Elle m’explique que le début a été un peu difficile, parce qu’elle fréquentait très peu la communauté française, et qu’elle a souffert de solitude, et évidemment du gap culturel. Mais Dorothée est toujours en mouvement, et c’est par le travail qu’elle s’est ancrée en Inde. On vient la chercher pour sa compétence dans les bijoux et les accessoires de mode, et elle travaille très vite pour Inditex, le grand groupe espagnol qui fournit Zara et d’autres enseignes de grande distribution de mode.

C’est là qu’elle forge son expérience de la conception et la production de bijoux, dans un contexte particulièrement exigeant, totalement pressurisé par les marges et de délais de ses clients.

«On ne connait pas bien les dessous du Mass Market – m’explique t-elle, mais en bijouterie, c’est encore très précaire en Inde. Je passais ma vie à enfiler des perles dans des quartiers insalubres, c’était très dur».

C’est là où j’admire Dorothée. Comme j’avais admiré il y a quelques années Justine, l’assistante de Marie Hélène de Taillac qui vivait à Jaipur pour gérer la production de la grande marque de joaillerie dans les ateliers indiens. Dans ce type de job, on n’est pas dans la poésie ni dans le tourisme de luxe, mais dans la dure réalité de la vie en Inde. La chaleur à 40 degrés dès Avril, les torrents de boue pendant la mousson, les problèmes d’hygiène et leur lot de maladies, amibes, parasites, hépatites, dengue et j’en passe… Et puis surtout, l’énergie qu’il faut déployer pour former les artisans à l’œil du créateur, parce qu’en Inde, si le talent artisanal est dans l’âme de chaque personne, la fantaisie aussi. Comme me l’explique Dorothée, en Inde, la clé de la production, c’est l’autorité.

« Ici, pour arriver à sortir une production en temps et en heure et selon les normes de qualité occidentales, il faut être un Pit Bull ! »
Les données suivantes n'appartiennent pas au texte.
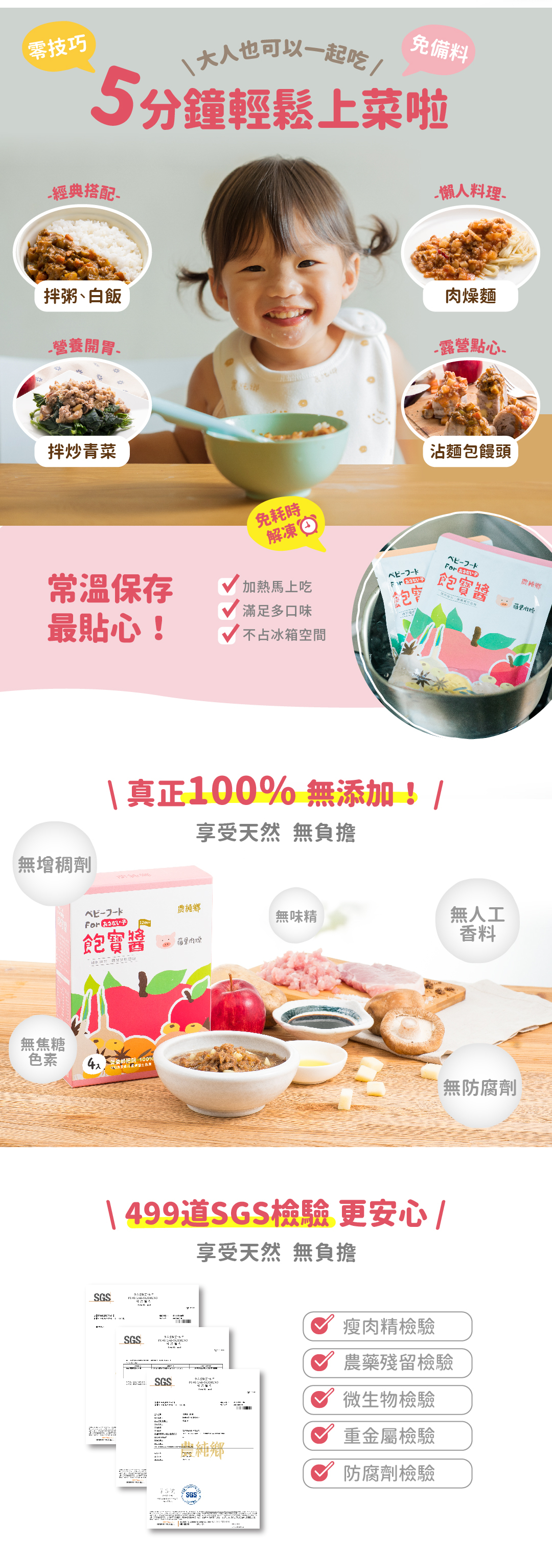 1 歲以上適用/新鮮製作 可常溫保存 12 個月/加熱快速 隨時享用/配麵配飯都OK!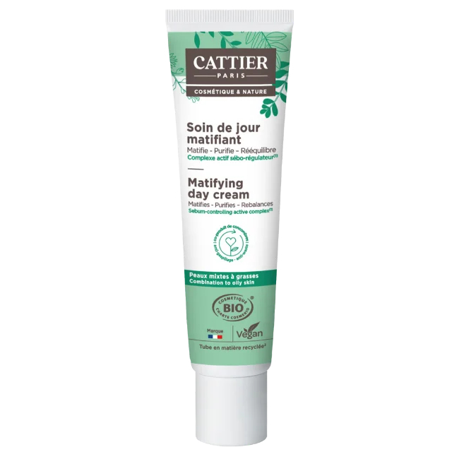 La crema de día matificante orgánica Cattier regula el exceso de sebo para un acabado mate inmediato y duradero. Enriquecida con un complejo activo seborregulador rico en micronutrientes, un coproducto de pepino y aceite de jojoba orgánico, equilibra el microbioma cutáneo, controla el brillo de forma duradera, purifica y mejora la tez sin resecar. Con un 75 % de ingredientes orgánicos, su fórmula natural protege el equilibrio natural de la piel.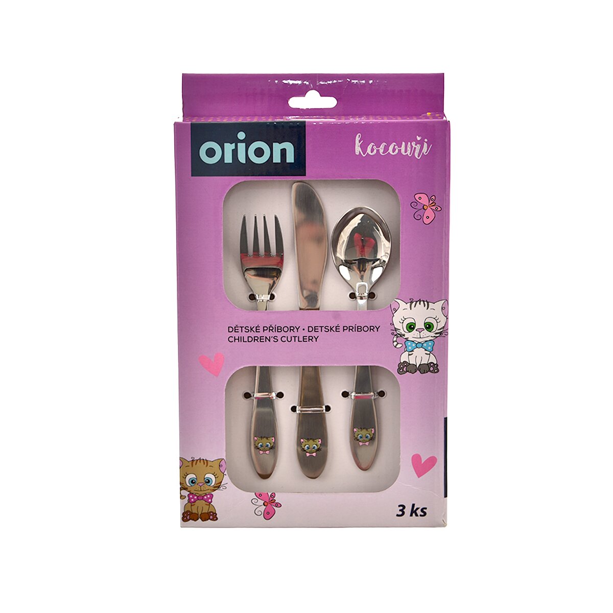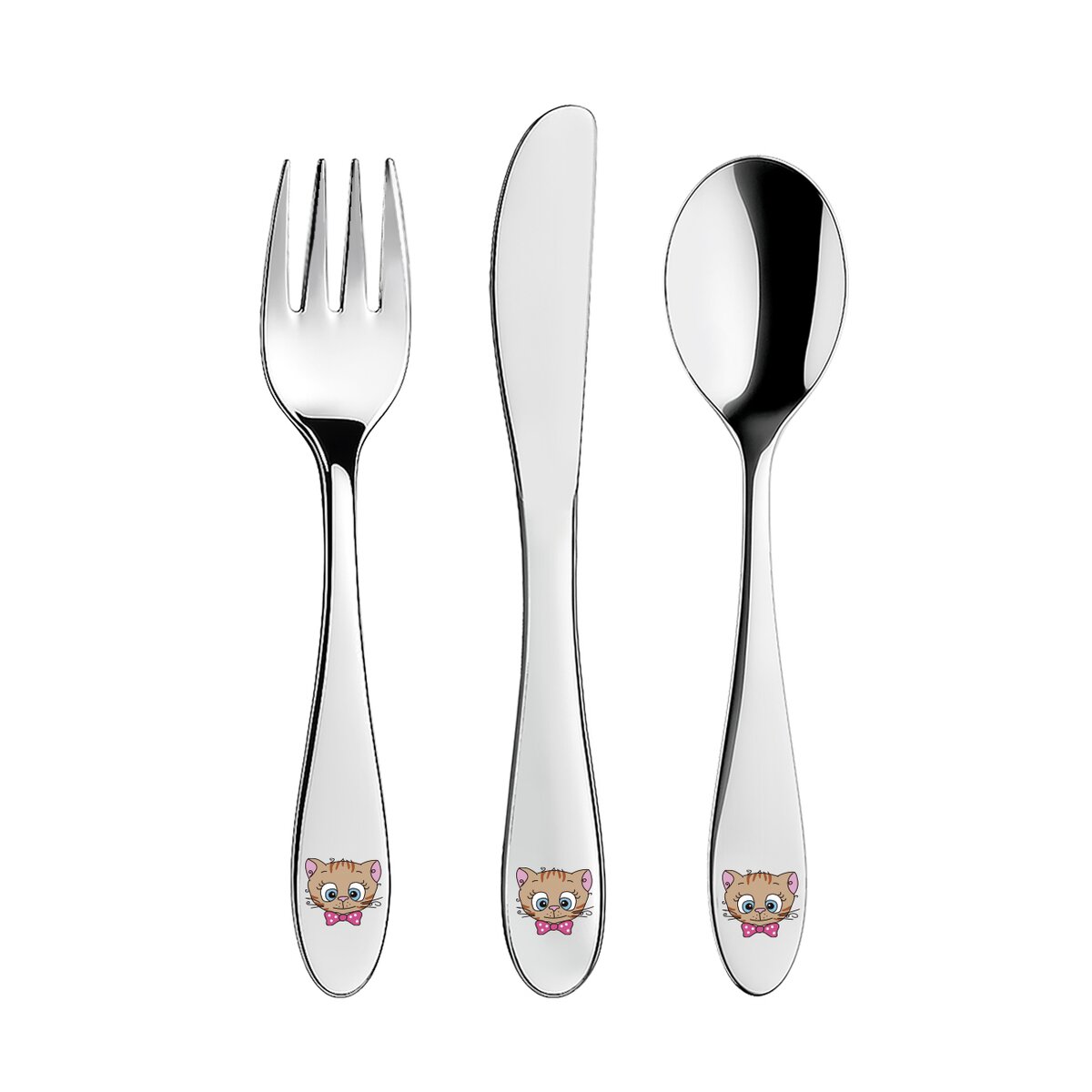Príbory s motívom roztomilých kocúrikov s mašľou slúžia na nácvik správneho stolovania. Súprava obsahuje lyžicu dĺžky 15,5 cm, vidličku 15 cm a nôž dĺžky 17 cm. Svojou veľkosťou a váhou sú prispôsobené malým detským rúčkam.
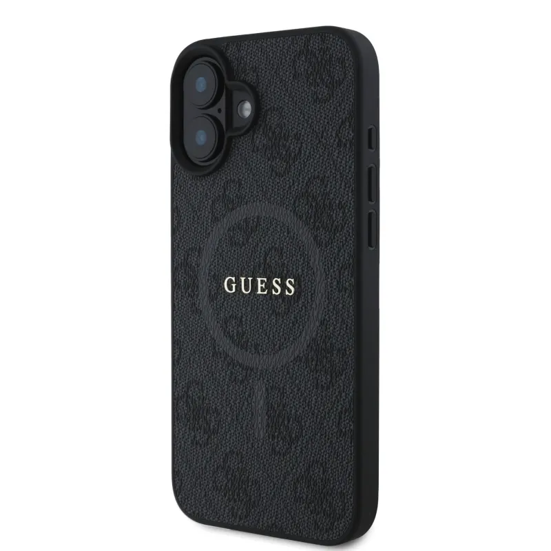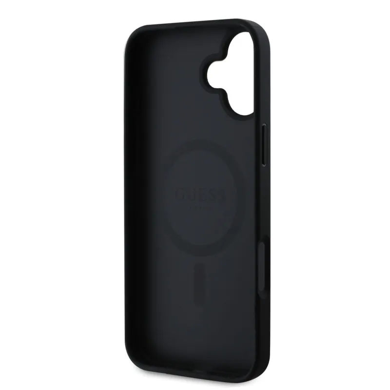 Guess PU bőr 4G színes gyűrűs MagSafe hátlap iPhone 16-hoz Fekete

Mais finalement, elle m’explique qu’un Pit Bull femme, ça passe mieux. Elle n’a jamais eu de problème en Inde à travailler avec des équipes masculines, elle s’est bien adaptée. Après Cuba et l’Amérique du Sud où elle avait vécu sa féminité au naturel, elle a du modifier son body langage. En Inde on couvre son décolleté, ses jambes, et on masque ses sentiments, surtout au boulot, il faut avoir l’air grave, impassible. Mais en même temps, il n’y a pas de mépris misogyne, au contraire, le professionnalisme est très vite reconnu et respecté par les Indiens, et Dorothée me dit avoir beaucoup appris et construit avec eux. Une fois la confiance établie, ce sont les fournisseurs les plus fidèles au monde.
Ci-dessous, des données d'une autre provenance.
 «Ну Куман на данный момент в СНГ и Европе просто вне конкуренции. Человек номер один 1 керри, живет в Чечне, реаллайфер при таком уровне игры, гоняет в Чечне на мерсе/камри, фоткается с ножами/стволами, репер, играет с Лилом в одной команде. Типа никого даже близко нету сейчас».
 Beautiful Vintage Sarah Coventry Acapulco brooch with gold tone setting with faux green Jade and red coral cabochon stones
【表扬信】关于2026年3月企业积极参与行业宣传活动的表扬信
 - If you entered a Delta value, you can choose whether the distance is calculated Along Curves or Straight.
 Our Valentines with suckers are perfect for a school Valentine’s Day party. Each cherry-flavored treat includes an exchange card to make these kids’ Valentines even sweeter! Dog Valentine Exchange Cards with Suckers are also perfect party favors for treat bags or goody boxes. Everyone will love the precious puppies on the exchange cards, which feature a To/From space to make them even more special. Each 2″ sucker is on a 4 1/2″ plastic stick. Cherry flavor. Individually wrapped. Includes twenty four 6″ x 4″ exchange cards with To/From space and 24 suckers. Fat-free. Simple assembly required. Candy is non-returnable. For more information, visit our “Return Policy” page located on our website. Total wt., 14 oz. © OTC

Au bout de plusieurs années dans le Mass-market, Dorothée a eu envie de changer d’orientation professionnelle, de monter son propre business, de retrouver sa liberté, de créer et surtout, d’exploiter cette fabuleuse inspiration que lui offrait l’Inde au quotidien. Elle avoue sans détour :

« L’Inde a eu un impact très fort dans ma vie amoureuse et spirituelle »

Évidemment, parce qu’aujourd’hui, son nouvel amoureux est Indien, elle a plein d’amis Indiens, et elle s’est lancée avec passion dans l’apprentissage du yoga, d’abord le Vinyasa, puis le Kundalini, qu’elle pratique aujourd’hui professionnellement.
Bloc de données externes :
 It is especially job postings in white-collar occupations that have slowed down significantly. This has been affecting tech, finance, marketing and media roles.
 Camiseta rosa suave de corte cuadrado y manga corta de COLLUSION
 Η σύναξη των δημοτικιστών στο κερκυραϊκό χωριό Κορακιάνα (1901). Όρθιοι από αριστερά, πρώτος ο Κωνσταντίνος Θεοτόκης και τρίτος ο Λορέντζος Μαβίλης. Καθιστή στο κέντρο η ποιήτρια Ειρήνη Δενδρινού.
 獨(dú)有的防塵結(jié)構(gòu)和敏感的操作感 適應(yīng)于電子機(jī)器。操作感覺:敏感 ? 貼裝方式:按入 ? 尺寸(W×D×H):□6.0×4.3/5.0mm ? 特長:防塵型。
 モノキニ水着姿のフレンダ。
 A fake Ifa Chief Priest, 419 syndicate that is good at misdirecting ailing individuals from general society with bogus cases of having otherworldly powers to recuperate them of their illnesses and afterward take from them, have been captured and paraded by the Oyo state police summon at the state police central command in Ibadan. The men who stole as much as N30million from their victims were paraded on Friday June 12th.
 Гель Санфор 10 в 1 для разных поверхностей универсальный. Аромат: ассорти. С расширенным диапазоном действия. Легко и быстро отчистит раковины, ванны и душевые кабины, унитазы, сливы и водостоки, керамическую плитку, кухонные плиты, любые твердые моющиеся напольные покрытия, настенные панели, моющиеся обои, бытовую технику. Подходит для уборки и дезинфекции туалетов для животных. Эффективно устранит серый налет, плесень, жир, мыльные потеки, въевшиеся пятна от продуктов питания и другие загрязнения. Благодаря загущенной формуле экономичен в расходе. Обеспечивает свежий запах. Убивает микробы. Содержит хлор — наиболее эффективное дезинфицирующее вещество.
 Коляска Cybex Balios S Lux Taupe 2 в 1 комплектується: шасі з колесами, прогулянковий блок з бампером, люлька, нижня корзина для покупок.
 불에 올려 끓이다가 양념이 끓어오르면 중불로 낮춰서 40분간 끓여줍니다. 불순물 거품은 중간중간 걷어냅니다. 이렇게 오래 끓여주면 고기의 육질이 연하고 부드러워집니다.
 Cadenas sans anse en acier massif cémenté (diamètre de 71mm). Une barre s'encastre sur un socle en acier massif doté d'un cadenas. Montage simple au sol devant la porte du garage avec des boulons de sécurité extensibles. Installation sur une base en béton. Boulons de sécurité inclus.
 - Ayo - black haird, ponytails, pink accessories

C’est à ce moment de l’interview que j’ai dû ouvrir mes Chakras, car je suis infoutue de rester en place plus de 5 minutes en tailleur sur un tapis en marmonnant des mantras. Je l’ai dit à Dorothée qui ne s’en est pas formalisée plus que ça, et qui m’a expliqué un truc que je peux tout à fait comprendre. Le Yoga est une discipline qui l’a aidée à canaliser ses émotions et son énergie. Elle a toujours été hyper-sensible, ce qui fut à un moment une faiblesse, le yoga est un élément de mieux-vivre pour elle.

Ok. Moi j’ai un truc plus basique, le footing, parce que le rythme de mes pas sur la terre, ce tempo envoutant qui développe des endorphines et qui laisse mon cerveau caracoler sans entrave, c’est Le truc qui me libère du spleen. Et je commence à penser que quand mes articulations imploreront la trêve, je me mettrai sans doute à la natation, ou au Yoga…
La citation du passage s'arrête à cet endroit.